What is the difference between Shannon entropy and saying that tossing a 6-sided die 100 times has more than 256-bit entropy?

Question

I'm confused.

I thought that tossing a 6-sided die 100 times had a greater than 256-bit entropy because $6^{99} < 2^{256} < 6^{100}$. (A similar concept appeared in this XKCD comic, where choosing four random words from a dictionary of presumably 2048 words has a 44-bit entropy, presumably because $2048^4 = 2^{44}$.)

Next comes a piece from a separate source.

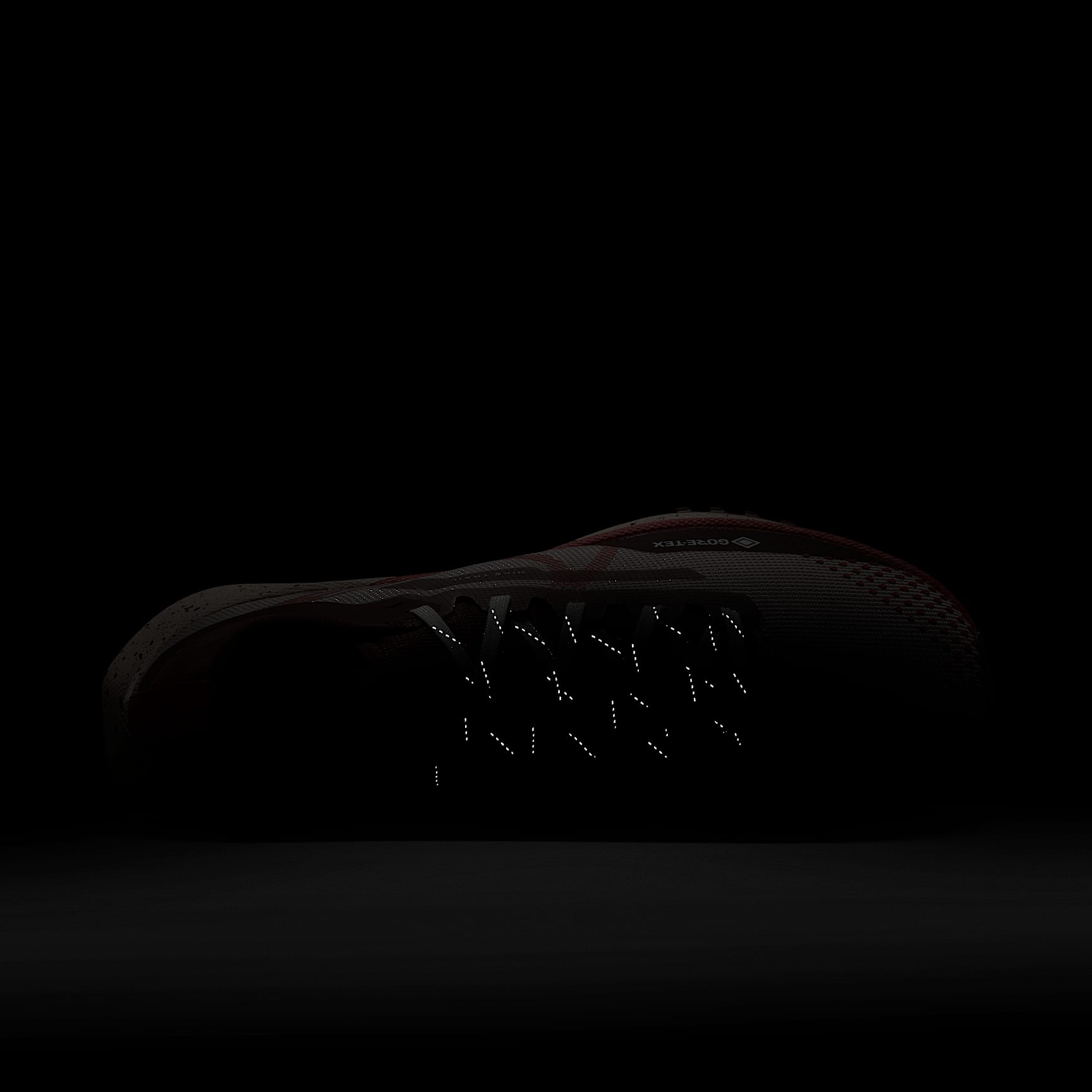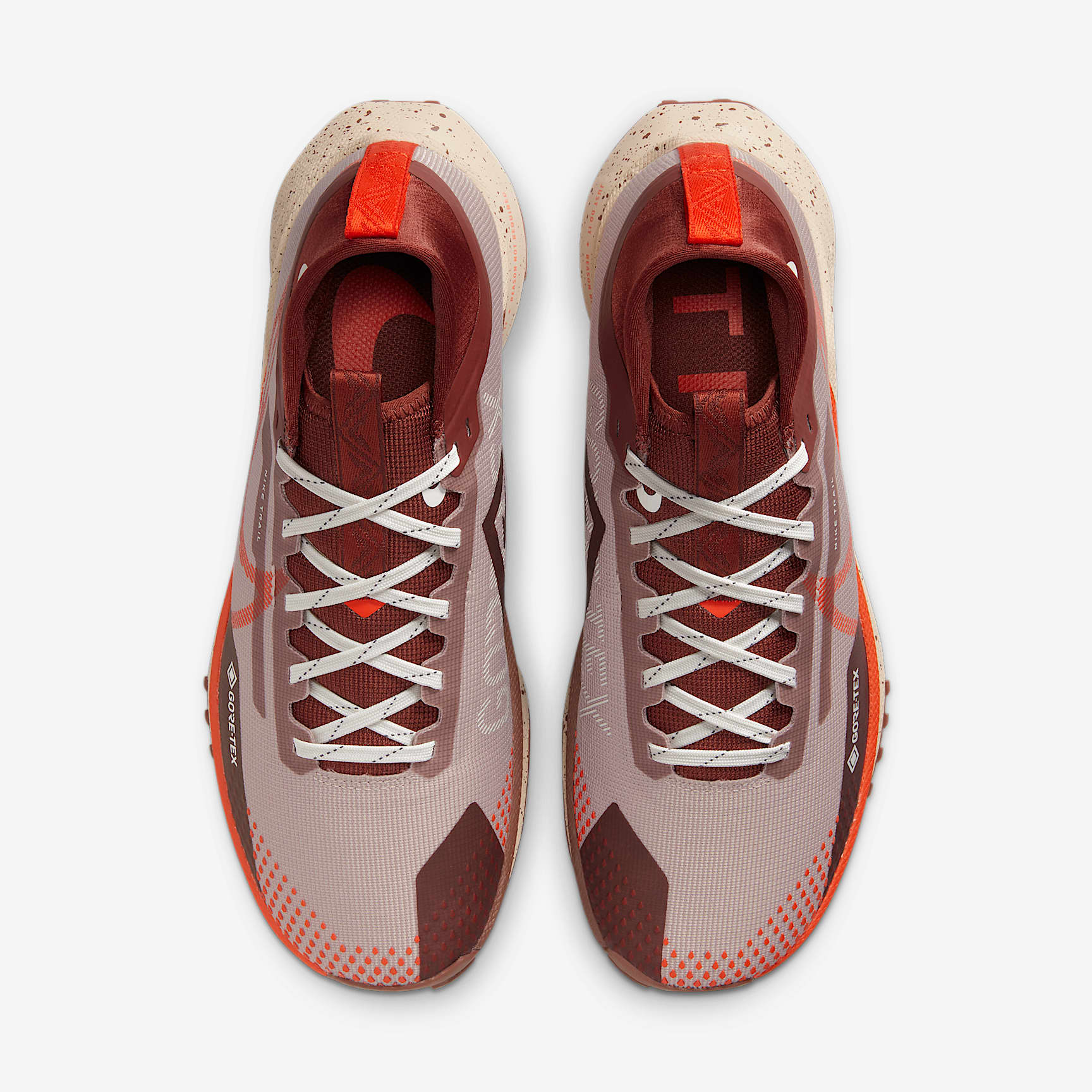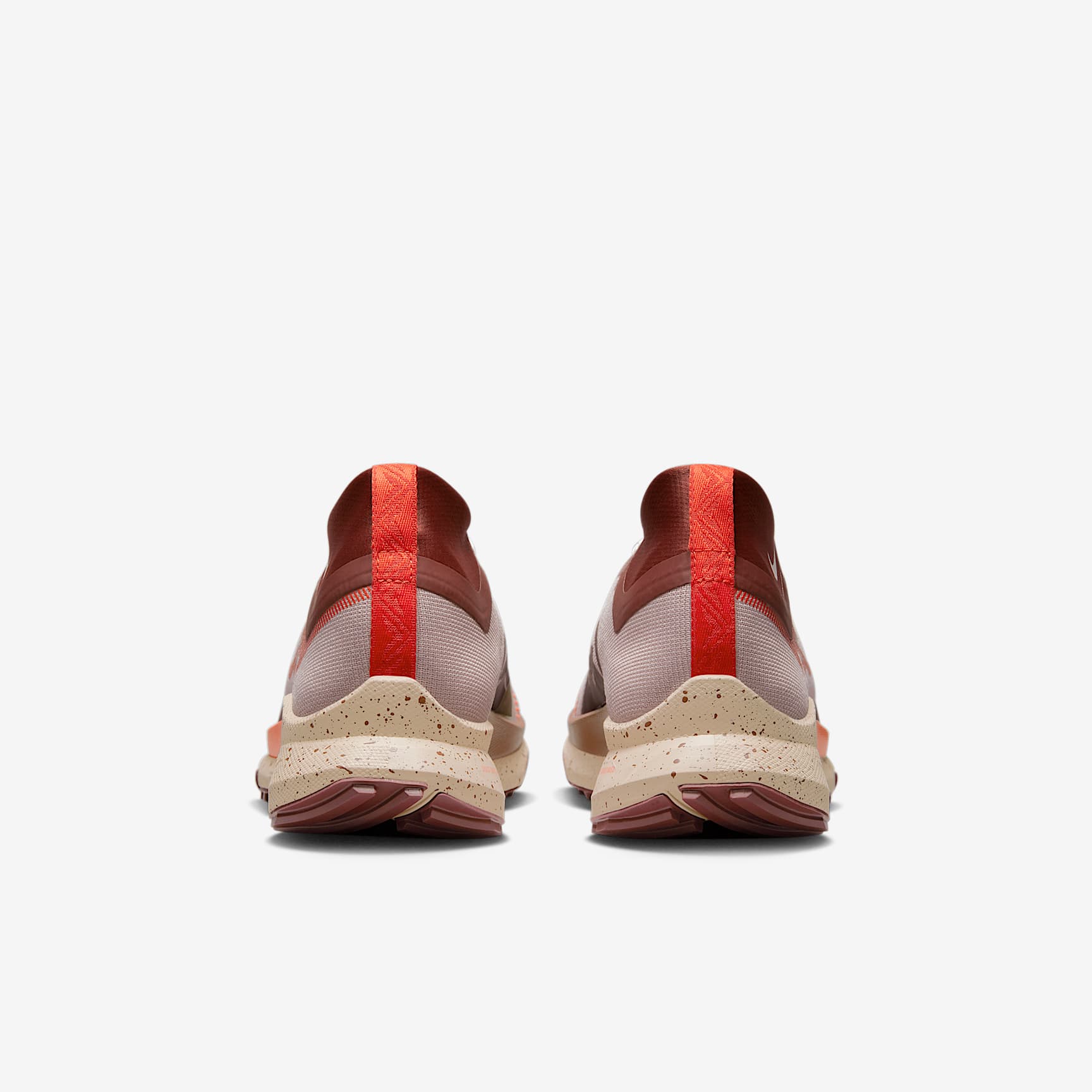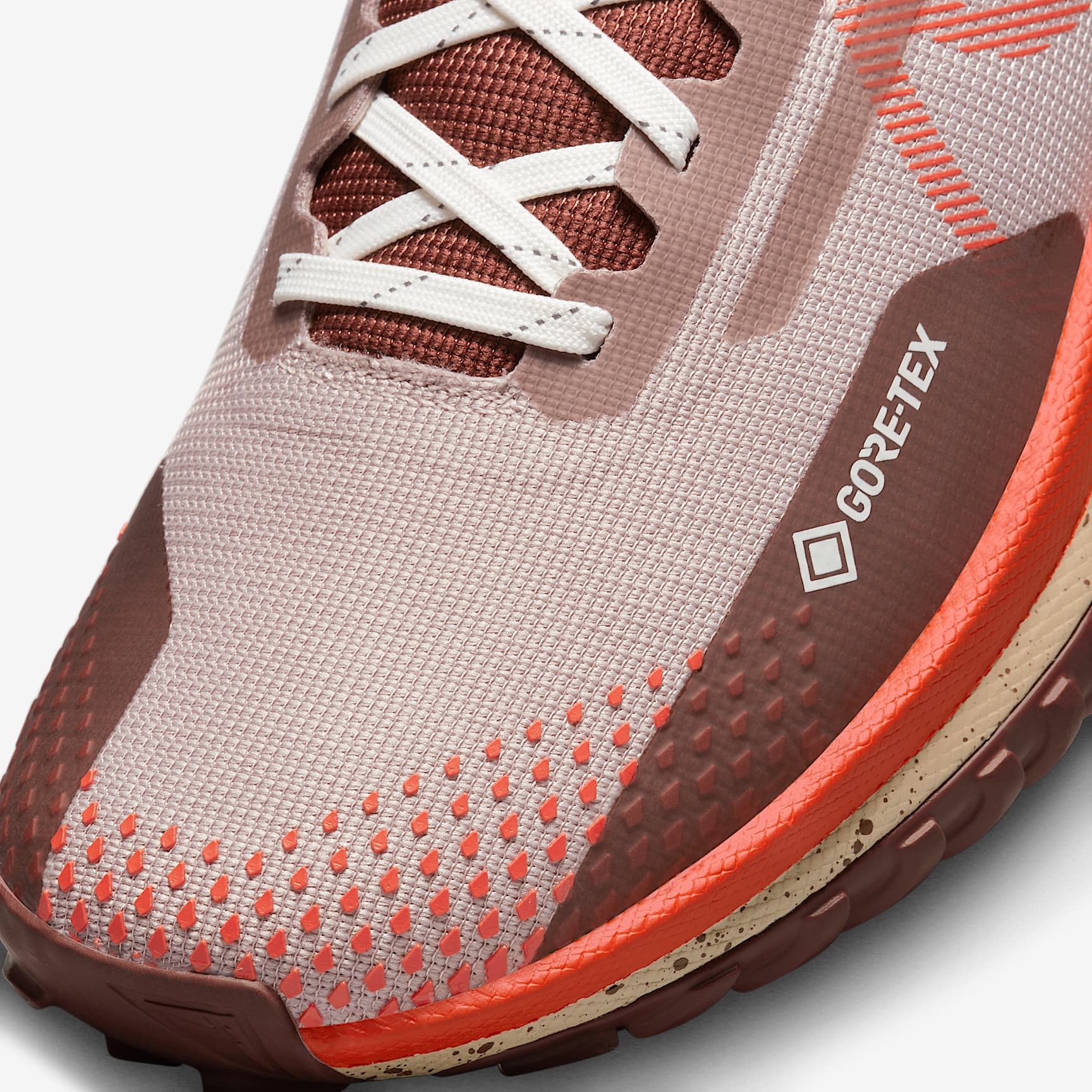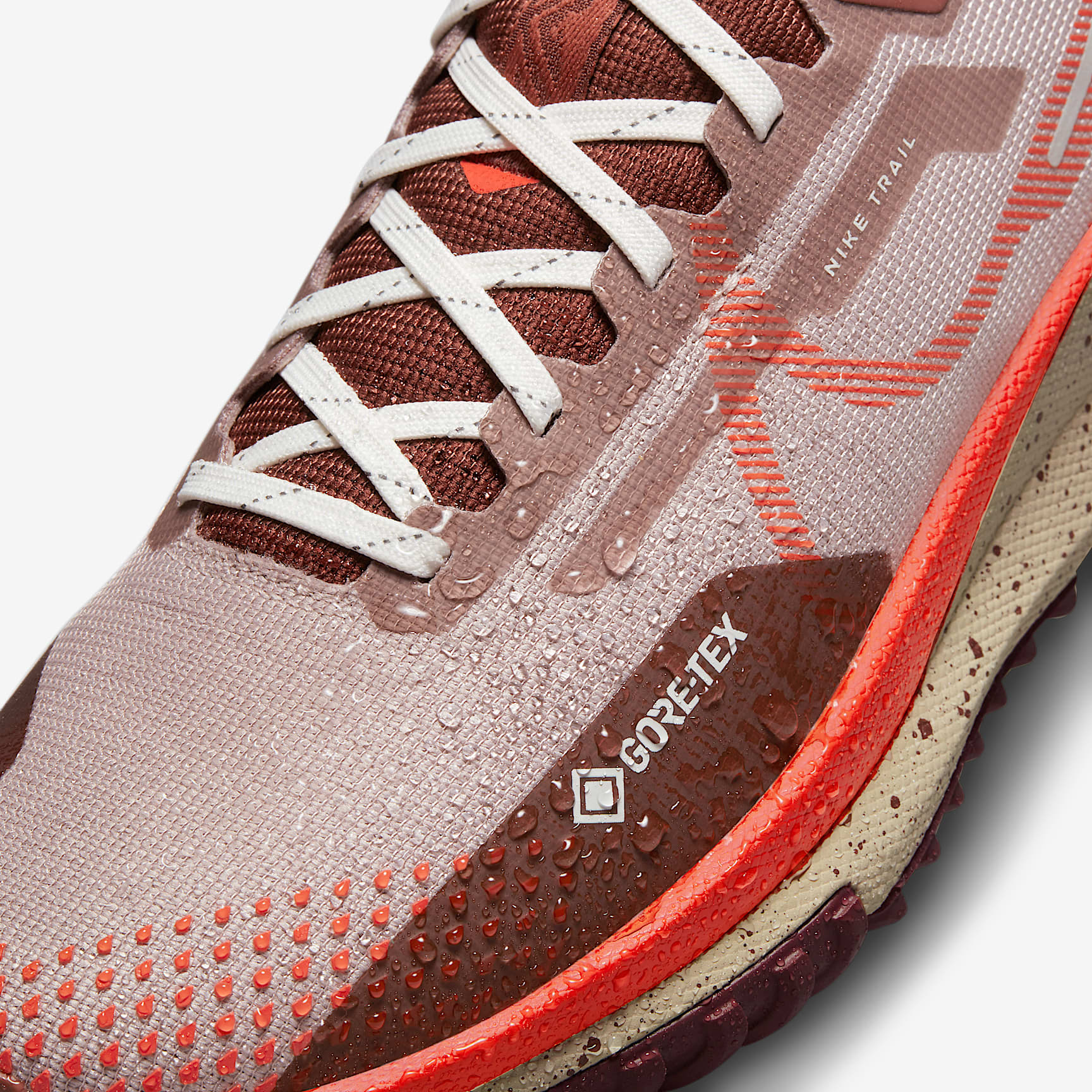 TRAIL-READY RESPONSIVENESS FOR WET WEATHER. The Nike Pegasus Trail 4 GORE-TEX is made for those moments when you don't want to turn back, no matter what. Feel confident even in the most unforeseen weather conditions with waterproof GORE-TEX keeping you dry, so you can run harder for longer and take your wet run from the road to the trail without breaking stride. A waterproof layer paired with a higher ankle gaiter gives you extra coverage so you stay dry. Storm Ahead A GORE-TEX layer helps keep out water so your feet stay dry. The all-new gaiter at the collar is higher to help keep extra debris and water from getting inside your shoe. GORE-TEX's invisible fit along the upper provides protection from precipitation without sacrificing that comfortable feel of the Peg Trail. Its flexible, lightweight design keeps your foot dry when running between the wet roads and trails. Smooth and Stable Nike React technology is a lightweight, durable foam that delivers a smooth, responsive ride. Its full-length design provides stability as you brave rocky terrain. Traction In All Directions Less rubber along the outsole creates a smoother transition from road to trail. The rubber wraps around the front of the shoe for extra durability. Its generative traction pattern is combined with rubber nubs to give you grip when going uphill or downhill. A generative traction pattern combined with rubber provides extra grip for technical trails while maintaining a smooth ride for the road. Product Details * The inspirational message by the heel will vary between "JUST DO IT" and "JUST RUN IT", depending on the shoe * Pull loops on the heel and tongue * Not intended for use as Personal Protective Equipment (PPE)

On the other hand, the Shannon entropy of a 6-sided die tossed 100 times is $-6 × 1/6 × \log_2(1/6) = 2.5849625007$ bits. (According to the comments by Sakamaki Izayoi to my other question.)

Are these two different concepts of "entropy" entirely? If so, what's the difference and if not, what am I missing?

I read this thread but I'm still confused.

Answer 1

On the other hand, the Shannon entropy of a 6-sided die tossed 100 times is $-6 × 1/6 × \log_2(1/6) = 2.5849625007$ bits.

That is wrong: $-6\cdot\frac16\cdot\log_2\frac16$ is the entropy of a single die roll. Assuming the $100$ die rolls are independent, you can simply sum the entropies of the individual rolls to obtain $$ 100 \cdot\left(-6 \cdot\frac16\cdot\log_2\frac16\right) \approx 258.49625 \text, $$ which is precisely $\log_2(6^{100})$ as expected.

Answer 2

It seems that with your shannon entropy, you are using 100 tosses to estimate the shannon entropy of a single die toss. If it is a fair die, that would be $\log_2{6}\approx 2.58$.

This is different from rolling a die 100 times to generate a cryptographic key, for example. Each roll of the fair die would contain $2.58$ bits of entropy, so in total you would have approximately $2.58\cdot 100=258$ bits of entropy, or $\log_2{6^{100}}=\log_2(6)\cdot 100$ as mentioned in the comment.